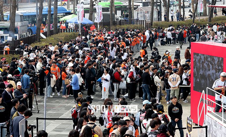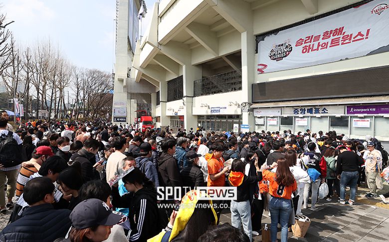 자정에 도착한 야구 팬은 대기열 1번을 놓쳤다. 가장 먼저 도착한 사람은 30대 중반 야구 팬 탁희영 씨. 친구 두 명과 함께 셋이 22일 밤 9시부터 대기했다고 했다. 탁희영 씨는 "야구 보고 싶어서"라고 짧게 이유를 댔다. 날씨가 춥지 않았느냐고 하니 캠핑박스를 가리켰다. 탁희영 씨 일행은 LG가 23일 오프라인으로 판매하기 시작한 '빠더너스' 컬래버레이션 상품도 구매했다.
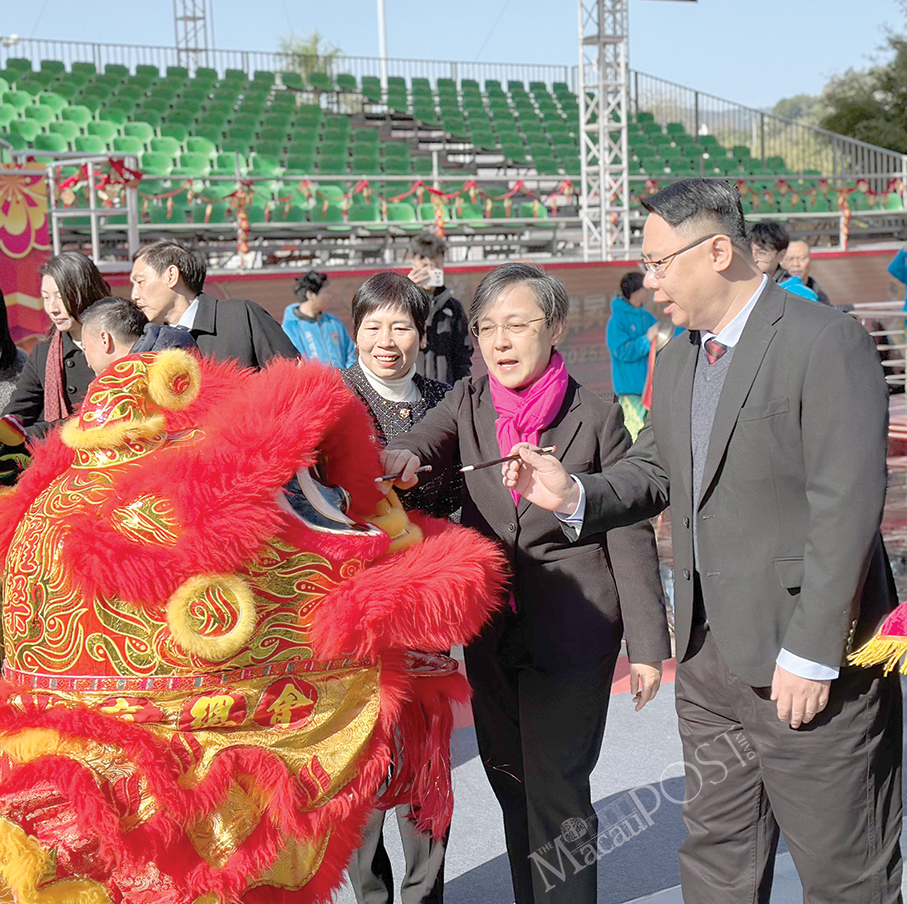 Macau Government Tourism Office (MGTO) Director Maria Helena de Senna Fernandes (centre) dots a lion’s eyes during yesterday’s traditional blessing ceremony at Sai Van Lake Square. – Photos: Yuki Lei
* * *
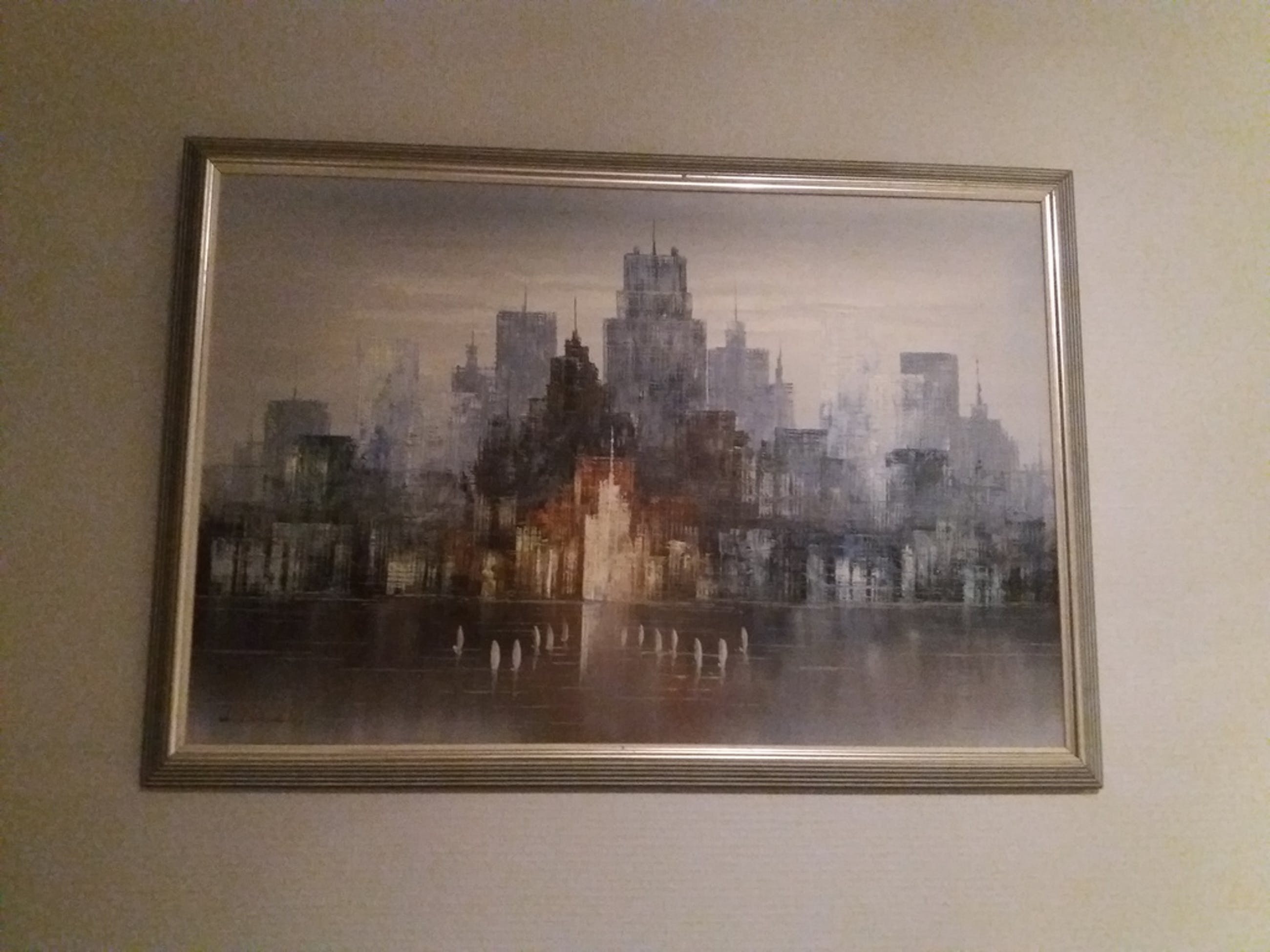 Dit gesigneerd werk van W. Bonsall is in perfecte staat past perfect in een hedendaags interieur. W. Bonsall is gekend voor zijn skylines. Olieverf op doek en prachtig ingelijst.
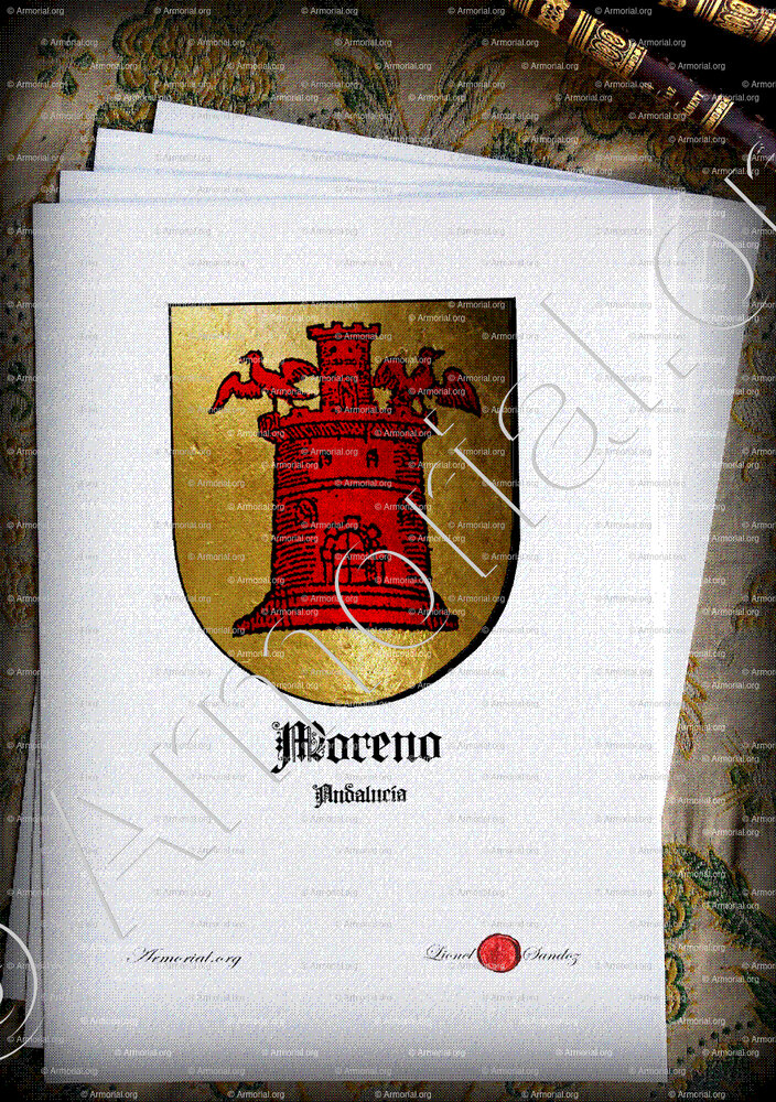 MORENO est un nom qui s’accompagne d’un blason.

**ASSIGNMENT:** Copy exactly the part of the material above that opens with the line containing "Dit gesigneerd werk" and closes with the line containing "MORENO est un", ends included. Drop the images.

**RESULT OF THE EXERCISE:**
 Dit gesigneerd werk van W. Bonsall is in perfecte staat past perfect in een hedendaags interieur. W. Bonsall is gekend voor zijn skylines. Olieverf op doek en prachtig ingelijst.
 MORENO est un nom qui s’accompagne d’un blason.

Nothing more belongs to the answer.